A metric space $(X,d)$ is called an ultrametric space if it is a metric space and fulfills the stronger triangle inequality (see Wikipedia) $$ d(x,y) \le \max\{ d(x,z), d(z, y) \}. $$ Examples are the Cantor-Space $\{0,1\}^{\mathbb N}$ with the common-prefix-metric $d(\xi, \eta) = 1/k$ where $k$ is the smallest $k > 0$ such that $\xi_k \ne \eta_k$, or the $p$-adic numbers. Now is there anything known about spaces which fulfill the even stronger requirement $$ d(x,y) = \max\{ d(x,z), d(z, y) \}. $$ for pairwise different points $x,y,z$. The Cantor-Space with the common-prefix-metric is an example.

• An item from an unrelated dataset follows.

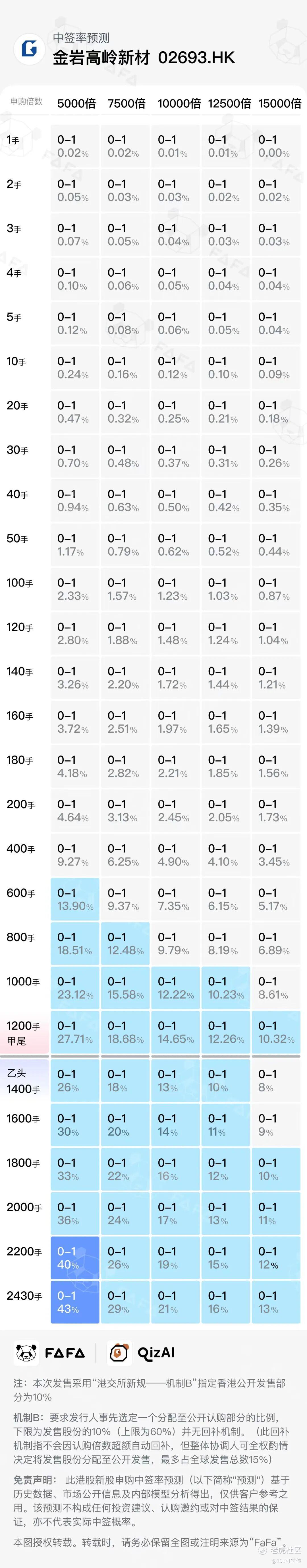 金岩高新此次采用机制B,回拨10%;全球发售2430万股,香港公开发售占243万股,共计4860手,比乐摩科技还要少,全员抽奖,预计一手中签率约0.5%,中签肯定也是吃肉的了;等海伟股份资金释放后,预计孖展会到6000倍左右。金岩高新发行后市盈率约为12.5倍,这一估值对比港股同行业原材料/矿业公司(通常8-15倍)处于合理区间。

EDIT: Initially I wrote: $d(x,y) = \min\{ d(x,z), d(z, y) \}$, which always induces the discrete space, see the comment.
The Cantor space does not satisfy this stronger requirement: if $x = \langle 1 , 0 , 0 , \ldots \rangle$, $y = \langle 1, 1, 0 , 0 \ldots \rangle$ and $z = \langle 0, 0, 0, \ldots \rangle$, then $d (x,y) = 1/2$ and $d(x,z) = d(y,z) = 1/1$.
Note that your condition implies that all (non-degenerate) triangles are "equilateral": given distinct points $x,y,z$, we know that $d(x,y)$ must equal the greater of $d(x,z)$ and $d(y,z)$, and without loss of generality we may assume that it $d(x,y) = d(x,z)$. But now that same condition implies that $d(y,z) = \max \{ d(x,y) , d (x,z) \} = d(x,y) = d(x,z)$.
This in turn shows that in such a metric space there is a $\delta > 0$ such that $d(x,y) = \delta$ for all distinct $x,y$, resulting in a discrete topological space.